A. Housing is interesting. After the Great Recession, many people moved away from counting on their home as being an investment nest egg. Some  may have  chosen  to  rent instead of buy because of housing downturn.  That was not necessarily bad if they took what they would have spent on a home and created a broader portfolio. However, look at the housing inventory and prices today. The Great Recession was an economic event-driven situation. We had a bubble back then, a housing bubble created by loose lending policies and practices. COVID, unlike the Great Recession, is a heath crisis that had significant economic impact.


Q. Why is that distinction important?

A. During the COVID crisis people invested in their homes as a place to live and work. It was their nest not necessarily their nest egg. Very low interest rates made home ownership more attractive.
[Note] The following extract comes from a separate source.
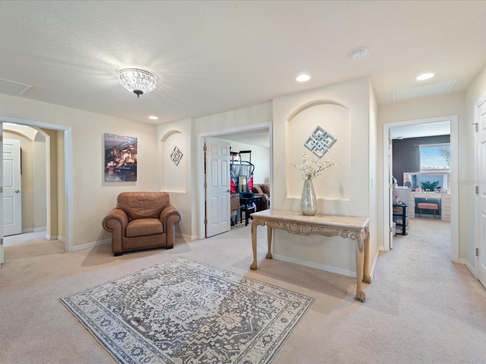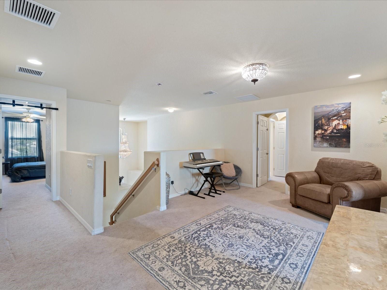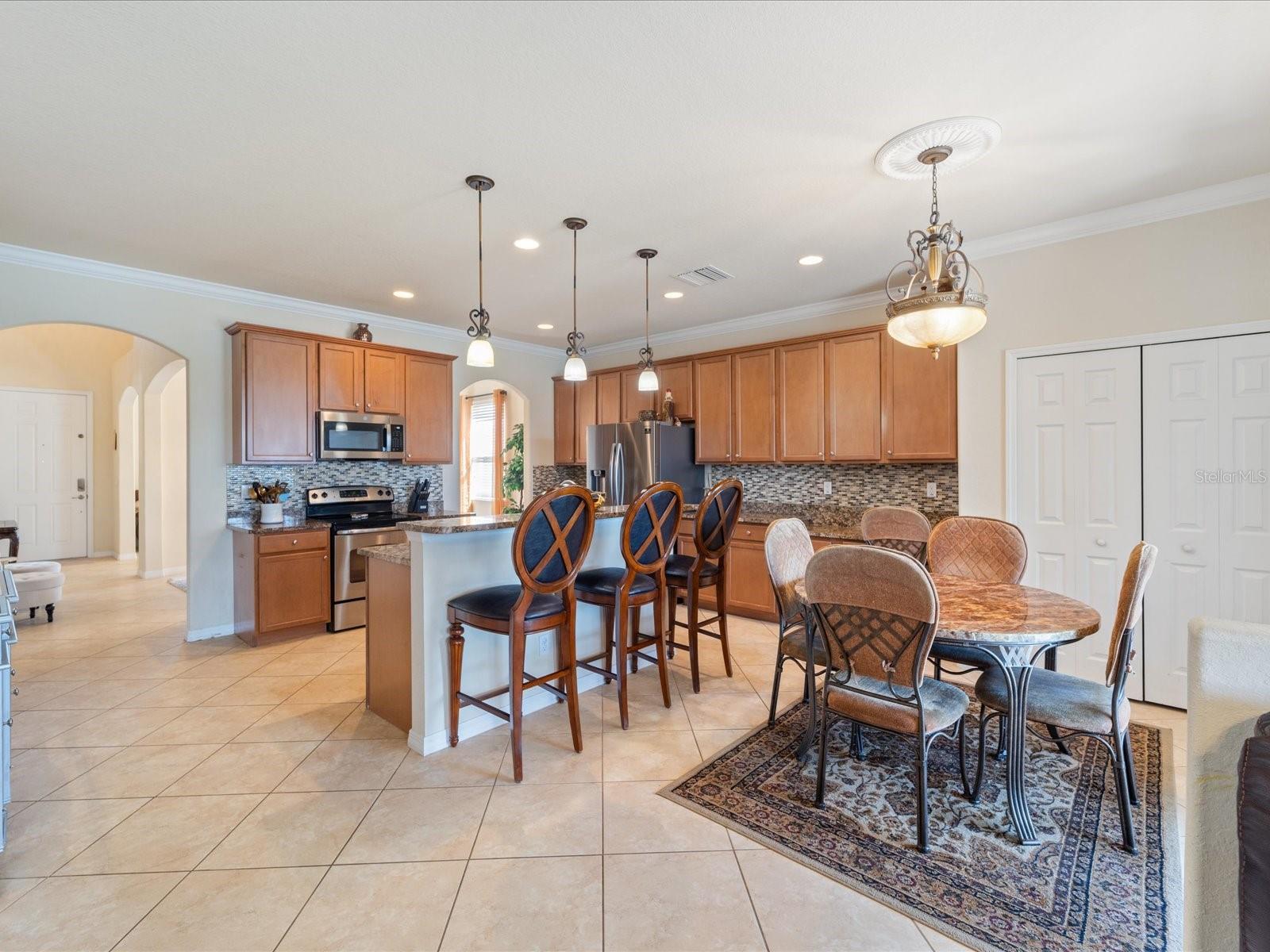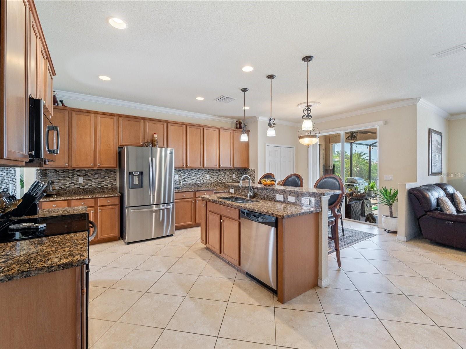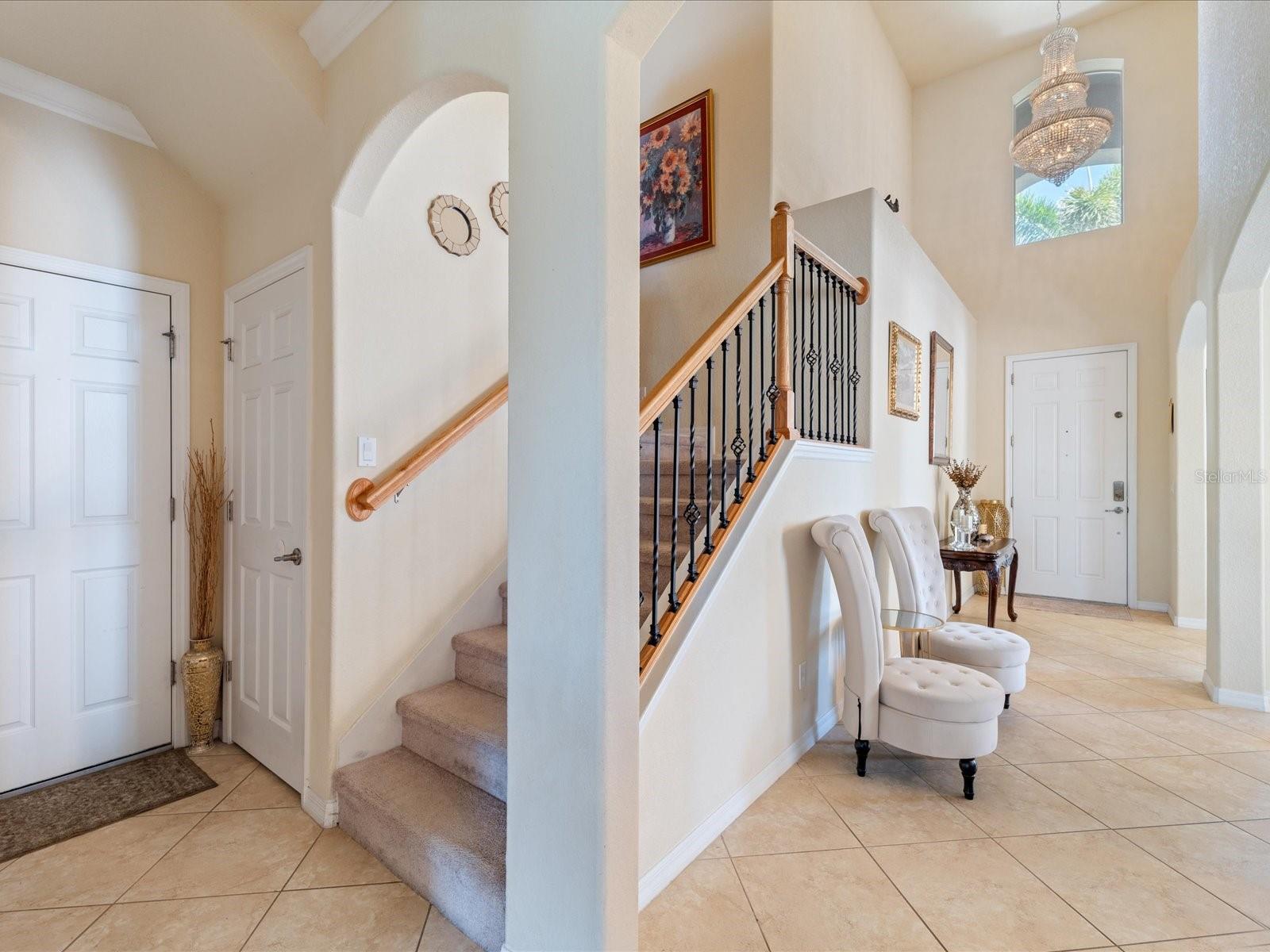 Two story 3280 sq. ft. home with 5 bedrooms 3 full baths, large bonus room, loft area, and a three car garage. A large lanai extends across the width of the house has a custom rectangular heated pool and a spa. The back of the house has a southern exposure great for lounging by the pool with a long view of the lake that is filled with largemouth bass for the Florida fisherman. The home is located in the Stoneybrook community in Venice which is a gated community with a guard at the gate. The house entrance has a high ceiling foyer with a large spectacular crystal chandelier which then opens into the living room, as well as dining room. The kitchen is bright and open to the oversized family room which has a view of the lake, and is great for entertaining. There is a bedroom and one bath downstairs with four bedrooms and two baths upstairs. The shower in the Primary's bedroom was enlarged and upgraded with one piece vinyl panels and a nonslip floor. Bonus room can be used for a gym, 2nd family room, study, office, or a movie-media room. This home has plenty of room for a large family, invited guests, in-law set up. There are four foxtail palms in front of the house and three large Royal palms in the back of the house. The community has a pool, spa, tennis courts, pickle ball courts, gym, baseball field, a community center, and is near beaches, hospitals, grocery stores, downtown Venice, and Wellen Park.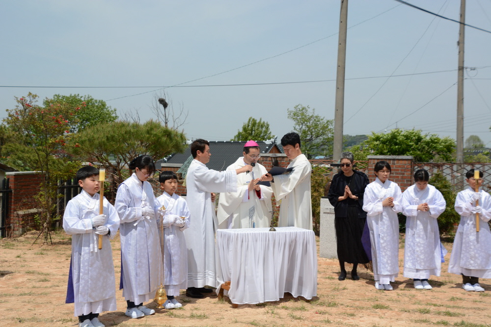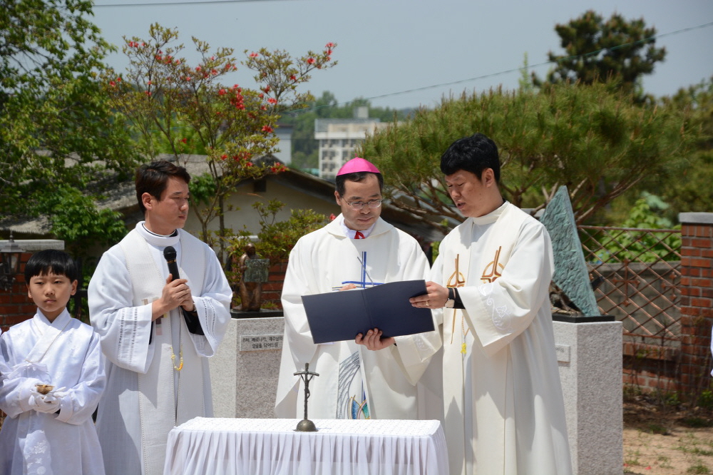 김 주교는 “신앙을 잃게 될 위기에 처했을 때, 상상하지 못한 방법으로 위기를 극복하고 그런 위기를 통해 더 좋은 상황을 만날 때마다 고향 여산의 순교자들과 성모님의 도움을 확신했다.”며 감사를 표한 뒤, 이 성지를 놀랍게 변화시킨 박 신부의 공로를 치하했다. 또 “순교자들은 우리에게 그리스도의 삶을 최우선으로 여기도록 가르쳐 준다. 그런데 종종 우리는 세상의 것을 더 우선 하곤 한다. 이런 도전을 물리친 순교자들은 박해와 죽임을 당했지만 하늘의 문을 통해 영원한 생명에 들어갔다. 따라서, 우리도 순교자들의 삶을 결심하고 실천하도록 하자.”라고 당부했다.

The supply-chain shock caused  by the pandemic added to the scarcity of new homes thus driving prices even higher.


Q. So there has been a shift, at least among average investors, away from the home as a piggy bank for retirement?

A. Historically, residential real estate has not been a great investment; it has returned less than a bond portfolio over the same period. However, everyone needs housing, and government policy makes it attractive to buy a house. For many, it became the largest investment because by paying your amortizing mortgage you are dollar cost averaging into the purchase of the home. If you had invested the same dollars in an equity portfolio over time, you would have made more money. With housing being a primary human need, people tend to put money there before something less tangible to them such as an investment portfolio.


Q. In terms of wealth creation and Boomer-age business owners realizing the return on a life’s work, are you seeing new clients from that space?

A. Yes, we have seen significant growth in our private client business by managing the proceeds from the sales of our client’s businesses. The Boomer cohort capturing the return on their life’s work has been accelerated by buyers of business having access to capital due to liquidity in the system and the historic low borrowing rates. 


Q. How bad was that cohort of Boomer/Owners hit over the past year, in terms of the values of their enterprises?

A. We saw significant differences to the impact on the value of the business based on industry. It was an environment of haves and have-nots. COVID negatively impacted industries such as travel, entertainment, hospitality, restaurants, hotels and industries that supported those companies.


Q. And the haves?

A. Other enterprises, especially tech, did extremely well. There were a lot of positive things happening in the economy, even with COVID. Both the fiscal and monetary stimulus had a positive impact.  Businesses in general cut expenses where they needed to, invested in new equipment, and a lot of businesses maintained pricing power as evidenced by the near term spike in inflation.


Q. Anything else in your world keeping you up at night or filling you with unbridled optimism?

A. There is a lot of discussion about the positive returns on stocks which has raised questions about whether stocks are overvalued right now. The counter to the thought of stocks being overvalued is although stock prices have risen, so have corporate earnings and earnings growth is accelerating.  In addition, with low interest rates creating a low expected return on bonds and money funds, the investor seeking a return is still motivated to invest in the stock market.  We believe stocks still have room to grow.